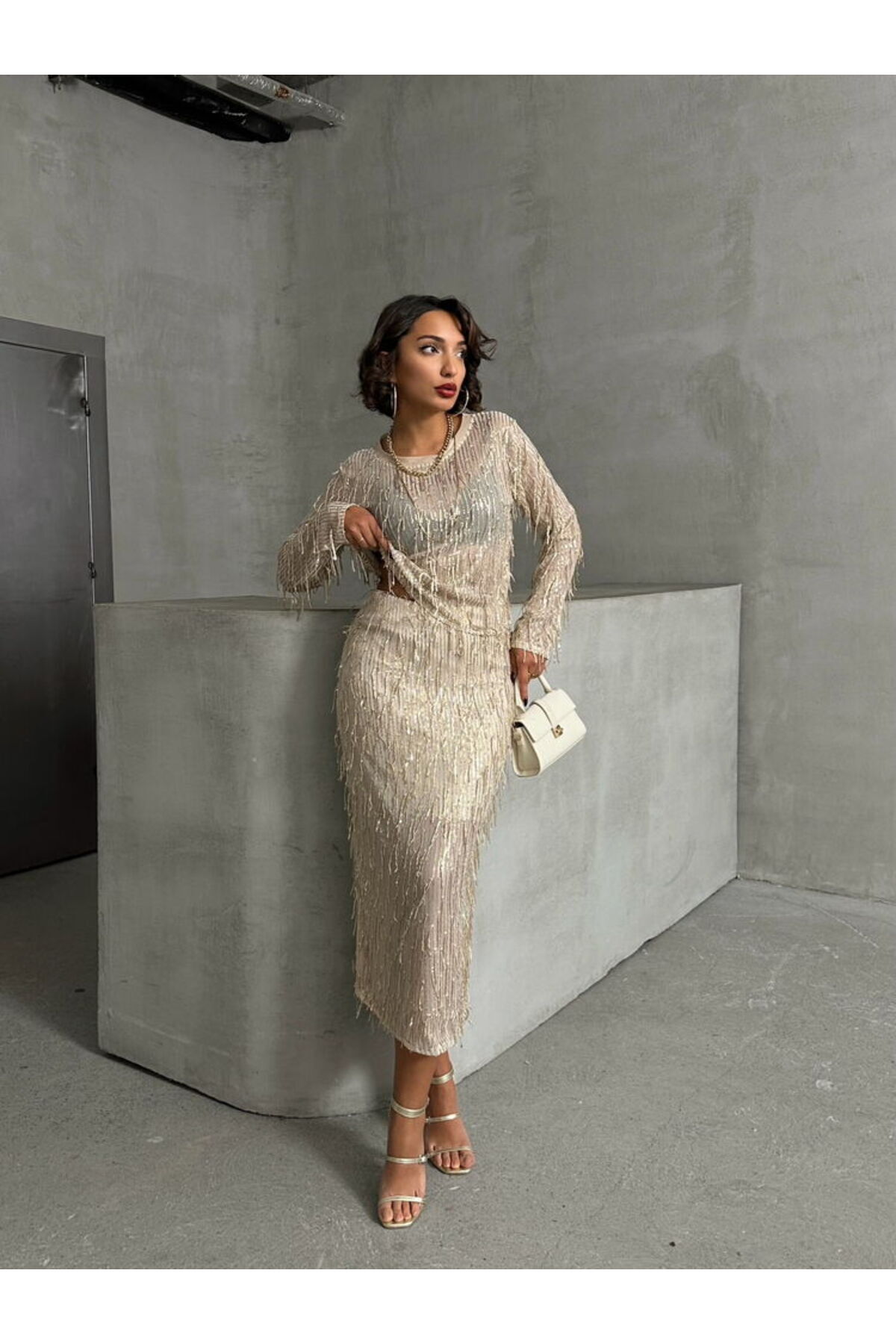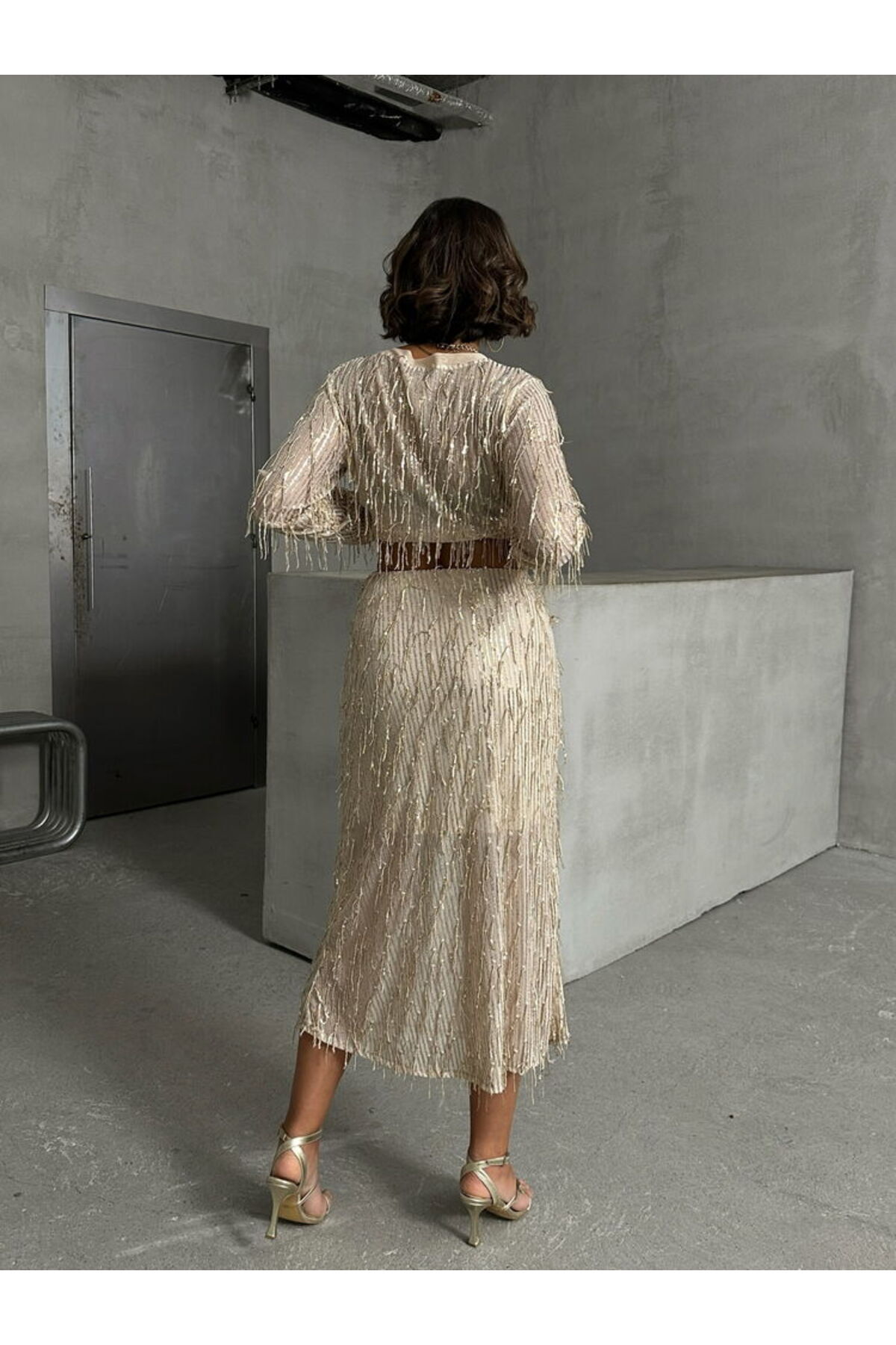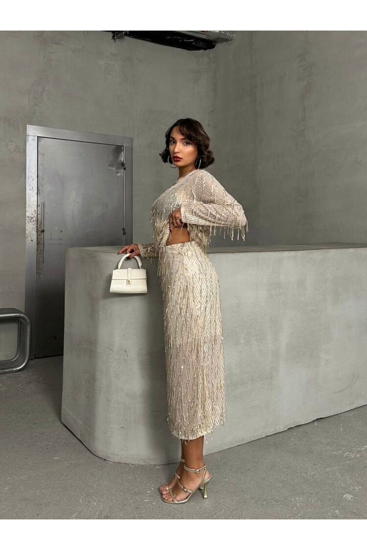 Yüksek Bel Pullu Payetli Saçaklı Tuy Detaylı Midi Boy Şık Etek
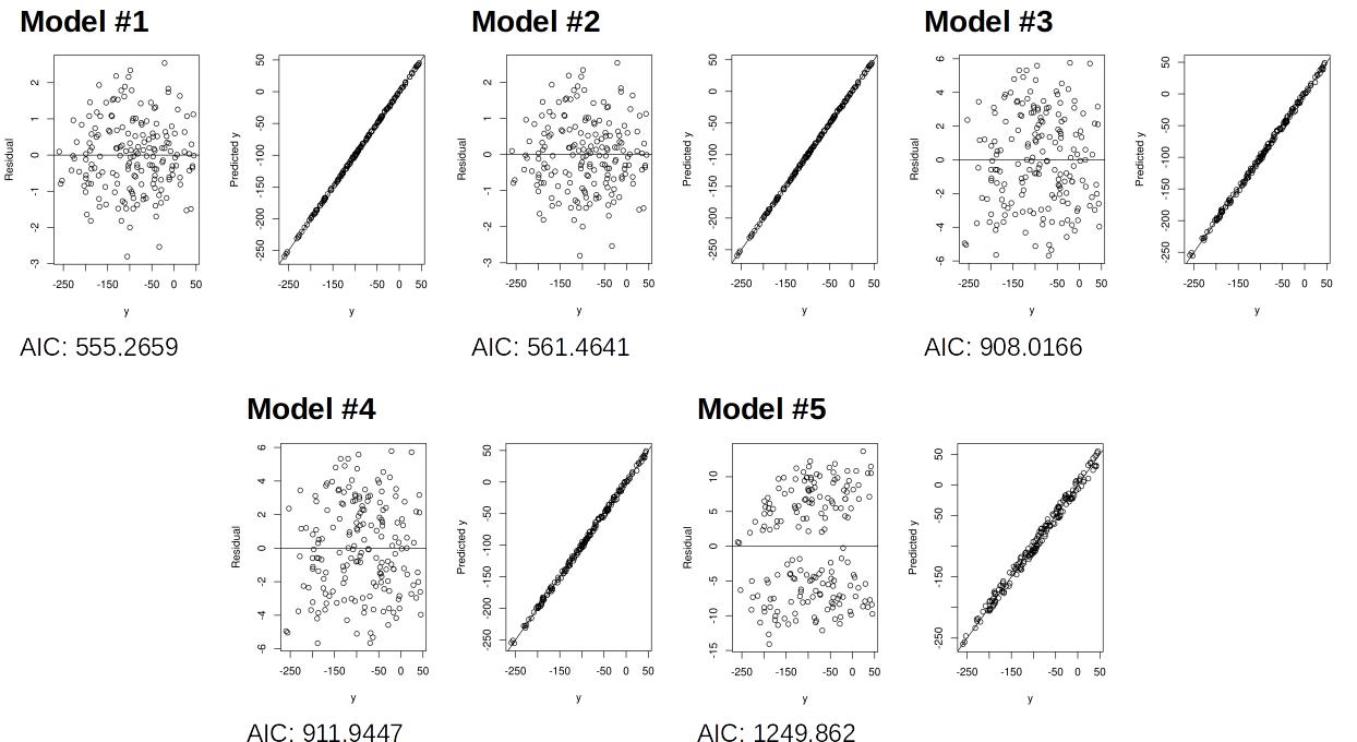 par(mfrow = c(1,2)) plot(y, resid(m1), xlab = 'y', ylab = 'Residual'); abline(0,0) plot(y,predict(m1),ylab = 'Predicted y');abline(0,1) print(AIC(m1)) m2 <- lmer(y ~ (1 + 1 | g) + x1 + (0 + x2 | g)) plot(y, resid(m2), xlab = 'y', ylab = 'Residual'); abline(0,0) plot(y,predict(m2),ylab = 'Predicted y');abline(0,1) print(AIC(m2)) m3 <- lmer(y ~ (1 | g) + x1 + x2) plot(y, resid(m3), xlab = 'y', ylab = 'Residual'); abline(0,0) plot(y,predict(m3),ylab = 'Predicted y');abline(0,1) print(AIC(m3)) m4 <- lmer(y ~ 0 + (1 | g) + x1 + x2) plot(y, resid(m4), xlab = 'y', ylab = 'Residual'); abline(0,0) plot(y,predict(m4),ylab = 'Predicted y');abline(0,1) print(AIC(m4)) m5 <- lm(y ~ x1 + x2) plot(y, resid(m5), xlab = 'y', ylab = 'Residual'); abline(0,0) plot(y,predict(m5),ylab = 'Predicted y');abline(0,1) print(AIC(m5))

---

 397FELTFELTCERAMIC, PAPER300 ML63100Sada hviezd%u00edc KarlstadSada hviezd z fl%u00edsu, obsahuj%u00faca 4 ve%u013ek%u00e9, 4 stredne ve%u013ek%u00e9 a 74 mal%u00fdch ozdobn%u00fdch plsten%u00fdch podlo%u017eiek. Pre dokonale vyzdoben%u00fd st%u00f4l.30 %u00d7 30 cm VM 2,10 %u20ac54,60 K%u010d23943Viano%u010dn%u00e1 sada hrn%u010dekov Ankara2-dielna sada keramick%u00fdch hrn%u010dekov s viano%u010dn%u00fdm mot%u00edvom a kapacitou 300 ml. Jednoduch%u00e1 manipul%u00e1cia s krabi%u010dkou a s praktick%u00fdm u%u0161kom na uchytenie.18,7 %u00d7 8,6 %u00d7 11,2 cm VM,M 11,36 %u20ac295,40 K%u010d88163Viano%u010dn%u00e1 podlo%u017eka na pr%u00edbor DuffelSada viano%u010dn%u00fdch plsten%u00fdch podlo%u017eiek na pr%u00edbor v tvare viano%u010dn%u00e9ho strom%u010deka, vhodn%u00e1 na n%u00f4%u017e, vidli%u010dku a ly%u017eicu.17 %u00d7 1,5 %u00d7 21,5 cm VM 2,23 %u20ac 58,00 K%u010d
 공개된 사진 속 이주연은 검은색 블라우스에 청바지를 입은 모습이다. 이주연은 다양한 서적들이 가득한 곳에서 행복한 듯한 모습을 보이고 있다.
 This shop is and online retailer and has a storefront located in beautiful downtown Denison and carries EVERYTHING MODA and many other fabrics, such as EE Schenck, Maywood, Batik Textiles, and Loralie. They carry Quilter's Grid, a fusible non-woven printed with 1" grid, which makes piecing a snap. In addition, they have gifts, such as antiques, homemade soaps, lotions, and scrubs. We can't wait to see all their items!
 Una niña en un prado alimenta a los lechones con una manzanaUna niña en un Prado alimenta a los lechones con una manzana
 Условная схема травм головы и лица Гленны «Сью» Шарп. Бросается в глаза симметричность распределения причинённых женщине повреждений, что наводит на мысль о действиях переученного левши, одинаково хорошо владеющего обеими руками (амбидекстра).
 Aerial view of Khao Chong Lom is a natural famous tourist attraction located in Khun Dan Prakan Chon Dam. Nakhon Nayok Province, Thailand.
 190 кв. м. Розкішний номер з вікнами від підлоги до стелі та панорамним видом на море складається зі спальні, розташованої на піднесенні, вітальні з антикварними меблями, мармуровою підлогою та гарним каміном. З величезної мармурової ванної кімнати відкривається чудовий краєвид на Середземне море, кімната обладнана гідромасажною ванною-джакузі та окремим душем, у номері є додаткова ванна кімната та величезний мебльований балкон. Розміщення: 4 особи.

▶ Exercise description
Please find every line in the listing that holds the string "located" and copy it.

▶ Solution for this problem
 This shop is and online retailer and has a storefront located in beautiful downtown Denison and carries EVERYTHING MODA and many other fabrics, such as EE Schenck, Maywood, Batik Textiles, and Loralie. They carry Quilter's Grid, a fusible non-woven printed with 1" grid, which makes piecing a snap. In addition, they have gifts, such as antiques, homemade soaps, lotions, and scrubs. We can't wait to see all their items!
 Aerial view of Khao Chong Lom is a natural famous tourist attraction located in Khun Dan Prakan Chon Dam. Nakhon Nayok Province, Thailand.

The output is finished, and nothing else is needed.